#### WHAT IS NEEDED:
Output the records, every one, exactly as given.

#### Records from a data source:

◇ ◇ ◇

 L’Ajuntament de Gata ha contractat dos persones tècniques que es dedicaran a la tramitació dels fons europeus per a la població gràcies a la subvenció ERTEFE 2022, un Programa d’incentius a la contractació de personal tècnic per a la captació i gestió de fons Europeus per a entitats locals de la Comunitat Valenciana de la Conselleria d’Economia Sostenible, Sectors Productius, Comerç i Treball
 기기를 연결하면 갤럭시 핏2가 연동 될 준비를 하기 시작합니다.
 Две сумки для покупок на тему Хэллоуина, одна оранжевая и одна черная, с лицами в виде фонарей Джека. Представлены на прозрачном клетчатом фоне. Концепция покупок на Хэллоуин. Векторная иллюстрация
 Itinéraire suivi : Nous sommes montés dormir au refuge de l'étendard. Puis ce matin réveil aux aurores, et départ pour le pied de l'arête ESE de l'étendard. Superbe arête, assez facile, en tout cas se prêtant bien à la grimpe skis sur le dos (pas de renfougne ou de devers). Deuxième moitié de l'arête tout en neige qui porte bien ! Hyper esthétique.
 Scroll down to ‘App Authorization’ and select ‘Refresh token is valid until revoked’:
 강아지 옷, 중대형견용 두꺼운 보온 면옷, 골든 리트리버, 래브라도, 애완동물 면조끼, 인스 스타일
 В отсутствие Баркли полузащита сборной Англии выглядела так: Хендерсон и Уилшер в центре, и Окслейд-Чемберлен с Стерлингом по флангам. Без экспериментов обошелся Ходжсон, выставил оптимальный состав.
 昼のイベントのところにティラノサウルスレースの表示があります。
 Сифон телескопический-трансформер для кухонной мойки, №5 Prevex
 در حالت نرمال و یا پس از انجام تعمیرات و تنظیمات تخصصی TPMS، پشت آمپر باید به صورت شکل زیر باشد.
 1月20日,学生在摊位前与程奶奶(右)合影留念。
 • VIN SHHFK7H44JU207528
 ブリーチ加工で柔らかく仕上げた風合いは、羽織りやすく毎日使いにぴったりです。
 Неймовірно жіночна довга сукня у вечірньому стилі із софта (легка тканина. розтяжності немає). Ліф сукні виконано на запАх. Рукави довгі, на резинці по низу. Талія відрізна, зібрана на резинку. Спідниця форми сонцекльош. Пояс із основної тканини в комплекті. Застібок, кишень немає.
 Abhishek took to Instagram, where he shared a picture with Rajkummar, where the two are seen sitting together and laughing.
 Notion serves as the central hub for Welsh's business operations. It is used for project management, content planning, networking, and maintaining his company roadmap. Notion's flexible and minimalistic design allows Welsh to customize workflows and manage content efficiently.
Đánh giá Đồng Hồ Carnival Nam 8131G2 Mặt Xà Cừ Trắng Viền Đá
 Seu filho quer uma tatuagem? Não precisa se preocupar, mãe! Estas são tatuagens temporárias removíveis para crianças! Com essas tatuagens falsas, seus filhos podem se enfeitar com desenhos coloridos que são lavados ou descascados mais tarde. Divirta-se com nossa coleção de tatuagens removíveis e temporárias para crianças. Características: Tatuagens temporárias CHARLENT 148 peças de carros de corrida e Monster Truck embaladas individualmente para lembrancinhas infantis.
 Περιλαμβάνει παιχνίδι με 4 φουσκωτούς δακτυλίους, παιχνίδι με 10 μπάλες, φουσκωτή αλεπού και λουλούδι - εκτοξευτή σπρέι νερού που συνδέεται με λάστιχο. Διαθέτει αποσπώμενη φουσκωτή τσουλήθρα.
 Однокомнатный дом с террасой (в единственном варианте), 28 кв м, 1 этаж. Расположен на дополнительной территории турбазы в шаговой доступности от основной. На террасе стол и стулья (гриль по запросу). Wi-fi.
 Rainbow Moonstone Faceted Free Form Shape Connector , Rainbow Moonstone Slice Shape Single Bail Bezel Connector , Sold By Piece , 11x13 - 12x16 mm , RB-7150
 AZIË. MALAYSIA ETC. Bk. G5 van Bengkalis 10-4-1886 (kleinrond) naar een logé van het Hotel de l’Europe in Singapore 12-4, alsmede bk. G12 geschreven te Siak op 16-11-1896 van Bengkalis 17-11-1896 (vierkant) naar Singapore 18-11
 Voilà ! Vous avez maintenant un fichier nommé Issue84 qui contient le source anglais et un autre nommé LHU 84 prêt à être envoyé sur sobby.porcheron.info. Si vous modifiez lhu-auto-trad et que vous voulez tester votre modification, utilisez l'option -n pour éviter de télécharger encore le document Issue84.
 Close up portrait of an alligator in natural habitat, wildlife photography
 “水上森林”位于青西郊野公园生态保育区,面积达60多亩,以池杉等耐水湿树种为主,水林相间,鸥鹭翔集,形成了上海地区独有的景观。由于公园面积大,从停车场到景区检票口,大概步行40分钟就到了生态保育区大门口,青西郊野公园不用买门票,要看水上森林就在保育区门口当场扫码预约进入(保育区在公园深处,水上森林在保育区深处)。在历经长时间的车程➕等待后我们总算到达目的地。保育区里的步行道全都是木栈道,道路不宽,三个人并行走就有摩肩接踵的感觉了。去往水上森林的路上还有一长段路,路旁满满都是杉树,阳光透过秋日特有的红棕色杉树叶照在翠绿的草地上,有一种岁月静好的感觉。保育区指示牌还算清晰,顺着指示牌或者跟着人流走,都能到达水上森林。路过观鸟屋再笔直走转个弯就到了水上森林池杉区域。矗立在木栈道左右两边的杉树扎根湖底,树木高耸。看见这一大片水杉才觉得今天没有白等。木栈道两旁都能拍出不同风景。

◇ ◇ ◇

#### ANSWER BOX:
 L’Ajuntament de Gata ha contractat dos persones tècniques que es dedicaran a la tramitació dels fons europeus per a la població gràcies a la subvenció ERTEFE 2022, un Programa d’incentius a la contractació de personal tècnic per a la captació i gestió de fons Europeus per a entitats locals de la Comunitat Valenciana de la Conselleria d’Economia Sostenible, Sectors Productius, Comerç i Treball
 기기를 연결하면 갤럭시 핏2가 연동 될 준비를 하기 시작합니다.
 Две сумки для покупок на тему Хэллоуина, одна оранжевая и одна черная, с лицами в виде фонарей Джека. Представлены на прозрачном клетчатом фоне. Концепция покупок на Хэллоуин. Векторная иллюстрация
 Itinéraire suivi : Nous sommes montés dormir au refuge de l'étendard. Puis ce matin réveil aux aurores, et départ pour le pied de l'arête ESE de l'étendard. Superbe arête, assez facile, en tout cas se prêtant bien à la grimpe skis sur le dos (pas de renfougne ou de devers). Deuxième moitié de l'arête tout en neige qui porte bien ! Hyper esthétique.
 Scroll down to ‘App Authorization’ and select ‘Refresh token is valid until revoked’:
 강아지 옷, 중대형견용 두꺼운 보온 면옷, 골든 리트리버, 래브라도, 애완동물 면조끼, 인스 스타일
 В отсутствие Баркли полузащита сборной Англии выглядела так: Хендерсон и Уилшер в центре, и Окслейд-Чемберлен с Стерлингом по флангам. Без экспериментов обошелся Ходжсон, выставил оптимальный состав.
 昼のイベントのところにティラノサウルスレースの表示があります。
 Сифон телескопический-трансформер для кухонной мойки, №5 Prevex
 در حالت نرمال و یا پس از انجام تعمیرات و تنظیمات تخصصی TPMS، پشت آمپر باید به صورت شکل زیر باشد.
 1月20日,学生在摊位前与程奶奶(右)合影留念。
 • VIN SHHFK7H44JU207528
 ブリーチ加工で柔らかく仕上げた風合いは、羽織りやすく毎日使いにぴったりです。
 Неймовірно жіночна довга сукня у вечірньому стилі із софта (легка тканина. розтяжності немає). Ліф сукні виконано на запАх. Рукави довгі, на резинці по низу. Талія відрізна, зібрана на резинку. Спідниця форми сонцекльош. Пояс із основної тканини в комплекті. Застібок, кишень немає.
 Abhishek took to Instagram, where he shared a picture with Rajkummar, where the two are seen sitting together and laughing.
 Notion serves as the central hub for Welsh's business operations. It is used for project management, content planning, networking, and maintaining his company roadmap. Notion's flexible and minimalistic design allows Welsh to customize workflows and manage content efficiently.
Đánh giá Đồng Hồ Carnival Nam 8131G2 Mặt Xà Cừ Trắng Viền Đá
 Seu filho quer uma tatuagem? Não precisa se preocupar, mãe! Estas são tatuagens temporárias removíveis para crianças! Com essas tatuagens falsas, seus filhos podem se enfeitar com desenhos coloridos que são lavados ou descascados mais tarde. Divirta-se com nossa coleção de tatuagens removíveis e temporárias para crianças. Características: Tatuagens temporárias CHARLENT 148 peças de carros de corrida e Monster Truck embaladas individualmente para lembrancinhas infantis.
 Περιλαμβάνει παιχνίδι με 4 φουσκωτούς δακτυλίους, παιχνίδι με 10 μπάλες, φουσκωτή αλεπού και λουλούδι - εκτοξευτή σπρέι νερού που συνδέεται με λάστιχο. Διαθέτει αποσπώμενη φουσκωτή τσουλήθρα.
 Однокомнатный дом с террасой (в единственном варианте), 28 кв м, 1 этаж. Расположен на дополнительной территории турбазы в шаговой доступности от основной. На террасе стол и стулья (гриль по запросу). Wi-fi.
 Rainbow Moonstone Faceted Free Form Shape Connector , Rainbow Moonstone Slice Shape Single Bail Bezel Connector , Sold By Piece , 11x13 - 12x16 mm , RB-7150
 AZIË. MALAYSIA ETC. Bk. G5 van Bengkalis 10-4-1886 (kleinrond) naar een logé van het Hotel de l’Europe in Singapore 12-4, alsmede bk. G12 geschreven te Siak op 16-11-1896 van Bengkalis 17-11-1896 (vierkant) naar Singapore 18-11
 Voilà ! Vous avez maintenant un fichier nommé Issue84 qui contient le source anglais et un autre nommé LHU 84 prêt à être envoyé sur sobby.porcheron.info. Si vous modifiez lhu-auto-trad et que vous voulez tester votre modification, utilisez l'option -n pour éviter de télécharger encore le document Issue84.
 Close up portrait of an alligator in natural habitat, wildlife photography
 “水上森林”位于青西郊野公园生态保育区,面积达60多亩,以池杉等耐水湿树种为主,水林相间,鸥鹭翔集,形成了上海地区独有的景观。由于公园面积大,从停车场到景区检票口,大概步行40分钟就到了生态保育区大门口,青西郊野公园不用买门票,要看水上森林就在保育区门口当场扫码预约进入(保育区在公园深处,水上森林在保育区深处)。在历经长时间的车程➕等待后我们总算到达目的地。保育区里的步行道全都是木栈道,道路不宽,三个人并行走就有摩肩接踵的感觉了。去往水上森林的路上还有一长段路,路旁满满都是杉树,阳光透过秋日特有的红棕色杉树叶照在翠绿的草地上,有一种岁月静好的感觉。保育区指示牌还算清晰,顺着指示牌或者跟着人流走,都能到达水上森林。路过观鸟屋再笔直走转个弯就到了水上森林池杉区域。矗立在木栈道左右两边的杉树扎根湖底,树木高耸。看见这一大片水杉才觉得今天没有白等。木栈道两旁都能拍出不同风景。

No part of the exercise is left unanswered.